The University of Louisville saw its share of controversies before the calendar turned to 2016, but this year saw the exit of former UofL President Jim Ramsey, a lawsuit challenging Bevin’s reorganization of the school’s board and at least a year of accreditation probation for the institution.

Bevin’s decision to reshuffle the school’s board of trustees included an agreement from Ramsey to offer his resignation. Beshear sued, winning in Franklin Circuit Court on Sept. 28 and awaiting Bevin’s appeal either at the Court of Appeals or the Supreme Court.

Bevin has said he expects the legislature to approve the reorganization, making an appeal moot.

Earlier this month, the Southern Association of Colleges and Schools placed UofL on accreditation probation for at least a year and up to two, citing concerns with trustee dismissals, presidential selection and evaluation and external political influence.

Weeks later and following a report by Auditor Mike Harmon of possible bylaw violation by the UofL Foundation, acting President Neville Pinto accepted the presidency at the University of Cincinnati.

McConnell remains Senate majority leader

After ascending to the top position in the Senate, national pundits believed Senate Majority Leader Mitch McConnell’s hold on the chamber might have been short-lived in a difficult electoral environment with 24 Republicans up for re-election Nov. 8 and expectations that Clinton would top Trump for the presidency.

But McConnell and the GOP stayed in the majority on Election Day, losing seats in Illinois and New Hampshire to maintain a slim 52-member majority.

Electoral prospects for Senate Republicans are rosier in the 2018 midterms, with 23 Democrats and two independents who caucus with Democrats up for re-election to the GOP’s eight.

State Supreme Court rules 5-2 against Bevin’s current-year budget cuts

UofL wasn’t the only issue over which Beshear took Bevin to court.

After the governor ordered 4.5 percent cuts to state universities’ fourth-quarter allotments in the final months of fiscal year 2016, Beshear filed a lawsuit accusing Bevin of overstepping his authority.

The attorney general lost the first round in Franklin Circuit Court, but the Kentucky Supreme Court ruled in a 5-2 decision Sept. 22 that Bevin couldn’t alter university budgets without a deficit, in part because the legislature made the institutions “independent bodies politic with their own expenditures.”

The high court’s decision returned $18 million to state universities.
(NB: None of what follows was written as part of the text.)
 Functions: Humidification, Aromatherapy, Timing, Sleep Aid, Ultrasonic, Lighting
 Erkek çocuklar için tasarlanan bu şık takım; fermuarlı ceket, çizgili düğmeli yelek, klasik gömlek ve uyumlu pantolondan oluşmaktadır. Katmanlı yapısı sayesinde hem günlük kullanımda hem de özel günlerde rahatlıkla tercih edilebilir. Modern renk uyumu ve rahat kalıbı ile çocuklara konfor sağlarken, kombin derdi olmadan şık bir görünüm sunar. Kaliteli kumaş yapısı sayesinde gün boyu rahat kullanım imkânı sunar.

Republicans hold first presidential caucus after Paul withdraws from race

Looking for a way to run for president and re-election, U.S. Sen. Rand Paul convinced RPK to hold a presidential caucus this year rather than the traditional primary. State law prevents candidates from appearing more than once on the same ballot, and previous efforts to change that law to exclude federal offices from the prohibition were stymied in the Democrat-held House.
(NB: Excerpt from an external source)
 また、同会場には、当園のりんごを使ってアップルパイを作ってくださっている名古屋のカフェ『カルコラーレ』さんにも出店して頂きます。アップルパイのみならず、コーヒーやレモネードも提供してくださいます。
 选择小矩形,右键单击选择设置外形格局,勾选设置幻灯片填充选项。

Paul ponied up $250,000 for the March 5 caucus, but he dropped out of the race days after the Feb. 1 Iowa caucuses.

Trump, the president-elect, carried the Kentucky caucus with nearly 36 percent of the vote, followed by Texas Sen. Ted Cruz’s 31.6 percent.
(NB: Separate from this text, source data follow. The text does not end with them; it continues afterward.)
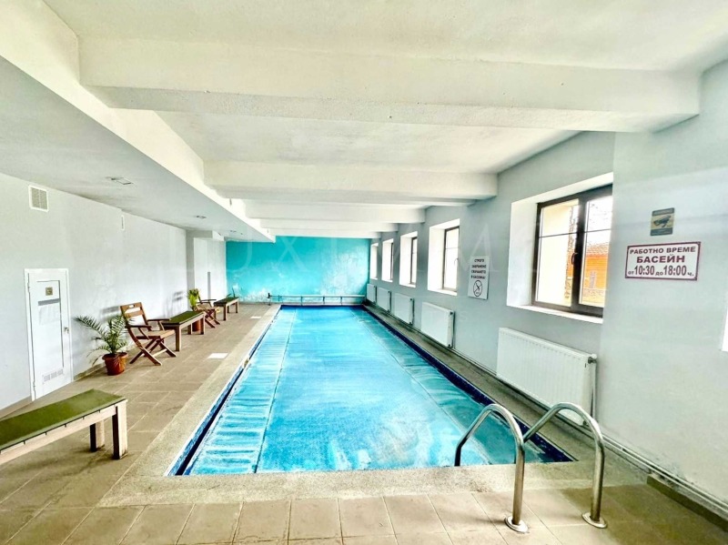 Имотът е с площ 2826 кв.м собствен двор, вътрешен и външен басейн, джакузи, масажна стая, сауна.
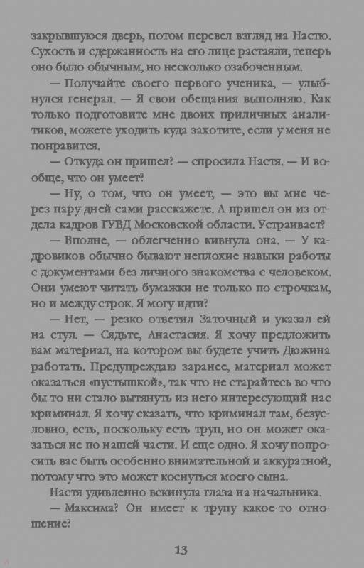 Александра Маринина пишет довольно таки сложные и интригующие детективы, с крепкой сюжетной линией, хитросплетениями, рассуждениями, умозаключениями и своей позицией на жизнь и время. Все это она передает через свою главную героиню Анастасию Каменскую.
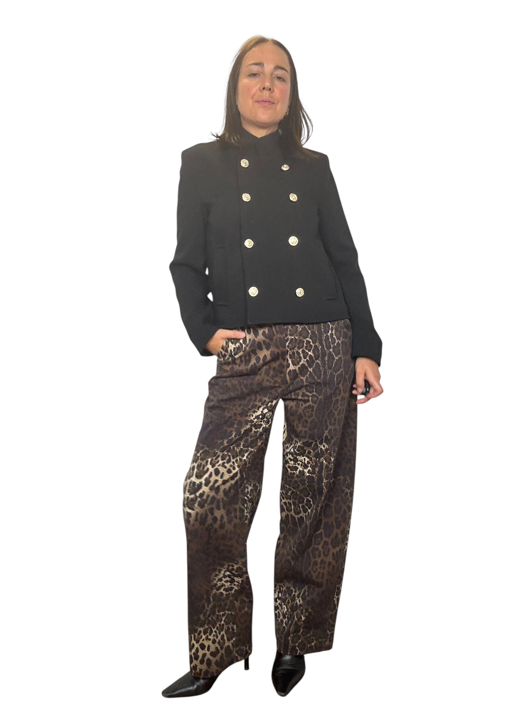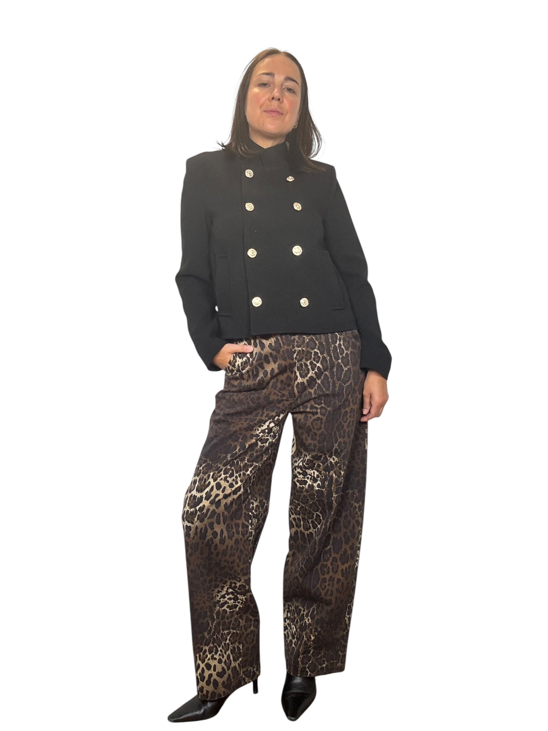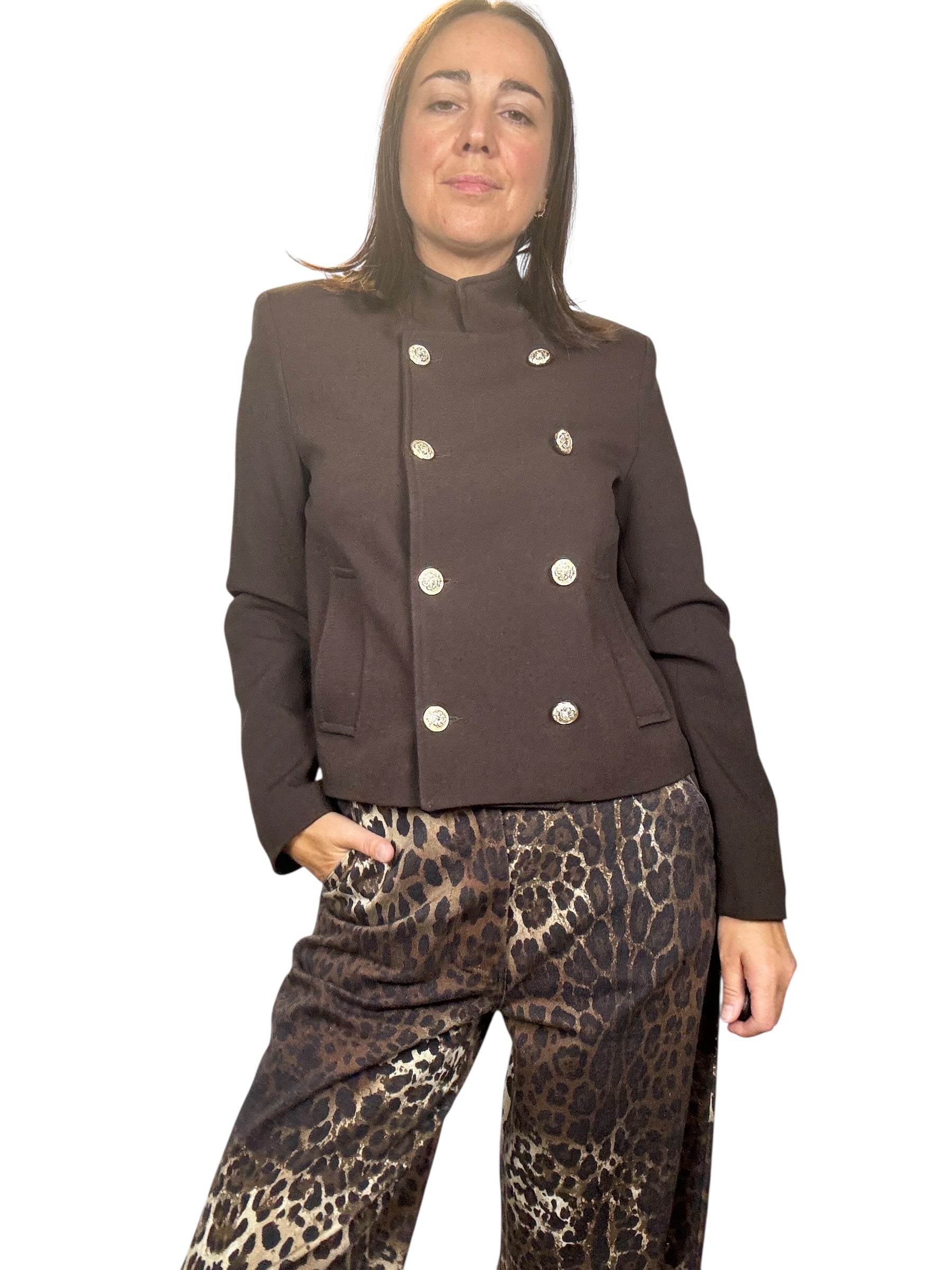 Giacca foderata a manica lunga con collo a coreana , chiusura a doppiopetto e tasche laterali. Modello leggermente svasato, lunghezza in cintura (tg in foto S) Elasticizzata
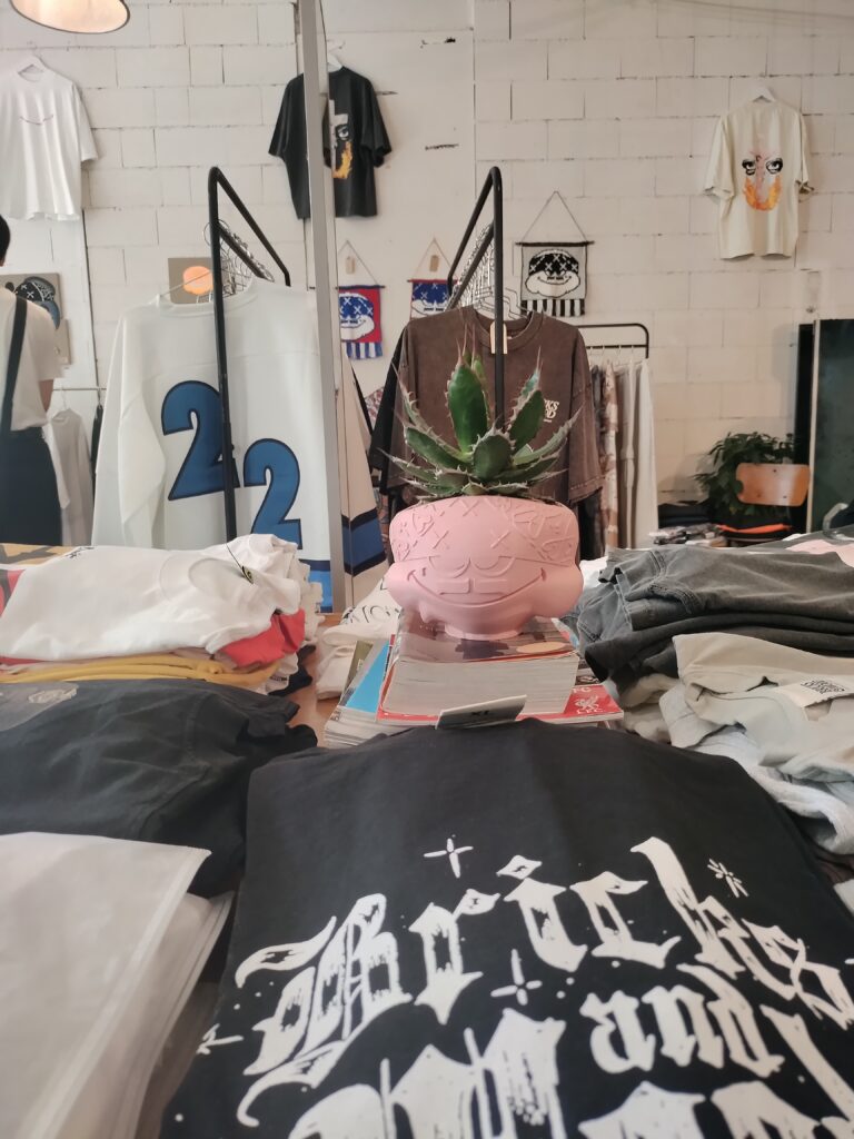 もうちょっと体を起こすためにコーヒーを飲みに行く。247pokoらのポップアップもある。ゴムかマシュマロみたいにフワフワした雰囲気の鉢植えが売っていた。パステルカラーの香立てとのコラボらしい。香立ての方は同じような素材と色でもソリッドな雰囲気がるのが不思議だ。青いものを撮った写真のZINEを作っている人がいた。アメリカーノのスッキリしつつも普段家で作るコーヒーより濃い味は嬉しい。ホットを頼むと外が暑くても風が涼しく感じる。
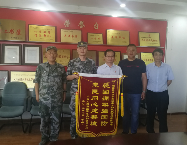 “愛國擁軍強國防 軍民同心建梨城”庫爾勒銀泉供水公司收到中國人民解放軍駐庫爾勒某部隊送來的錦旗和感謝信

It’s unclear whether state Republicans will hold another party-operated caucus in the next presidential cycle in 2020. More Republicans cast ballots in the caucus, 229,667, than in the 2008 and 2012 primaries — 197,793 and 176,160, respectively — despite some voter confusion on caucus procedures, including absentee voting.

Kentucky Democrats boxed out of two branches of state government

After losing gubernatorial, auditor and treasurer races in 2015, the Kentucky Democratic Party needed to rebound and retain its hold on the state House.

The combination of a better-funded Republican Party of Kentucky, well-armed outside groups and a presidential contest in which the Democratic candidate won just two of the state’s 120 counties kept that from happening.

Losing the House puts Kentucky Democrats in uncharted waters in modern history, with Republicans in control of the executive and legislative branches, the latter with supermajorities in the House and Senate.

Beshear and Secretary of State Alison Lundergan Grimes are the only Democrats in statewide office, and U.S. Rep. John Yarmuth is the state party’s sole representative in Congress.